Bennet backed the Iran deal Friday. (Bill Clark/CQ Roll Call File Photo)
Bennet backed the Iran deal Friday. (Bill Clark/CQ Roll Call File Photo)

Updated 1:22 p.m. | The White House added a 38th Senate Democratic backer of the Iran deal Friday — even as it lost the top Democrat on the Foreign Relations Committee.  

The support of Michael Bennet of Colorado brings the deal potentially within three votes of being filibustered in the Senate, and the new opposition by ranking Foreign Relations Democrat Benjamin L. Cardin  of Maryland stems what had been total momentum in favor of the deal. According to the Denver Post, Sen. Michael Bennet plans to announce  his support for the deal, along with an additional plan to “strengthen the deal while steering more money to Israel for its national defense.”  

“Our primary objectives are to prevent Iran from having a nuclear weapon, make sure Israel is safe and, if possible, avoid another war in the Middle East,” said Bennet in a statement released first to The Denver Post. “This agreement represents a flawed, but important step to accomplish those goals.”  

Bennet’s support had immediate repercussions for his reelection race next year .  

Cardin meanwhile announced he will oppose the Iran deal in an op-ed in The Washington Post.  Cardin is just the third Democrat to come out against the deal.  
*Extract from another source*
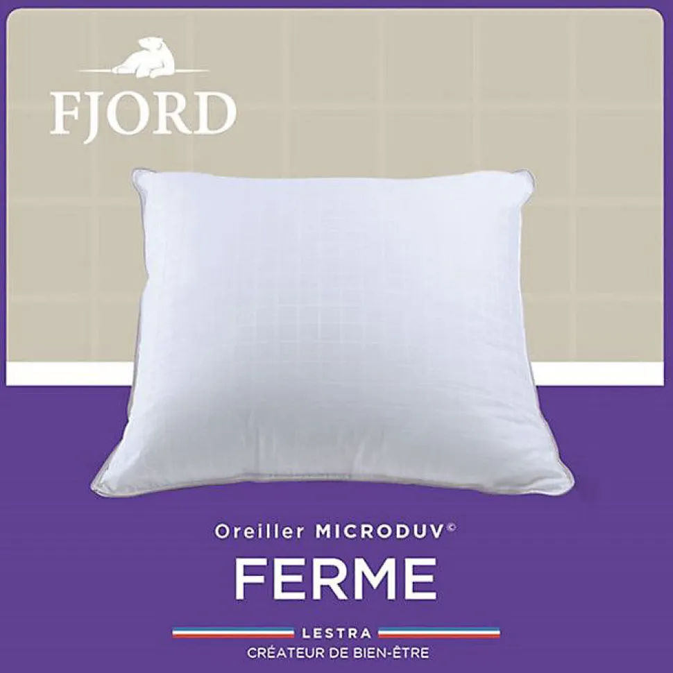 Oreiller Fjord Microduv Lestra : garnissage fibres Microduv effet duvet pour un volume généreux et tenue durable, confort ferme avec accueil très moelleux, enveloppe 100% coton satinée imprimée carreaux non bruyante, lavable à 40°C, fabriqué en France, certifié OEKO-TEX Standard 100.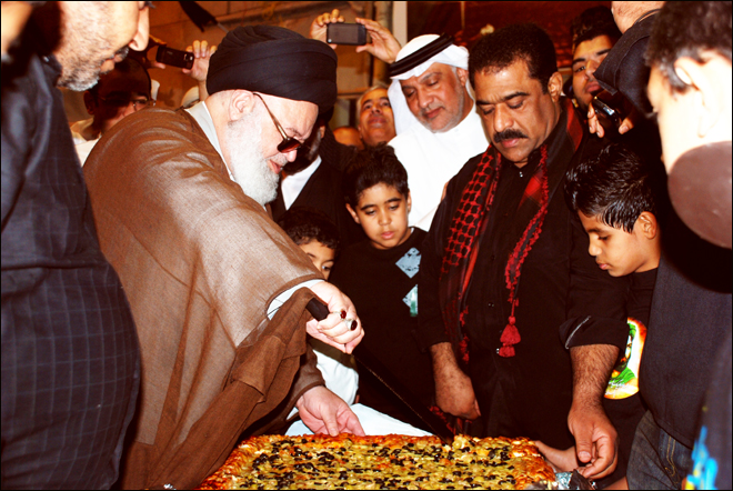 السيد عبدالله الغريفي يفتتح بتقطيع " البيتزا "

Cardin and Bennet also are looking ahead to passing a new bill aimed at toughening sanctions on Iran if they step up their support for terrorism.  

The Democratic senators who have yet to announce their position on the Iran deal are Richard Blumenthal  of Connecticut, Maria Cantwell  of Washington, Joe Manchin III  of West Virginia, Gary Peters  of Michigan and Ron Wyden  of Oregon.  

Manchin, however, said yesterday he would not filibuster a disapproval resolution although he hasn’t decided how he’ll vote on the deal itself.  

Republican Susan Collins  of Maine also hasn’t announced a position.  

The success of the deal is already a foregone conclusion because the White House has more than enough support to sustain a veto of the disapproval resolution.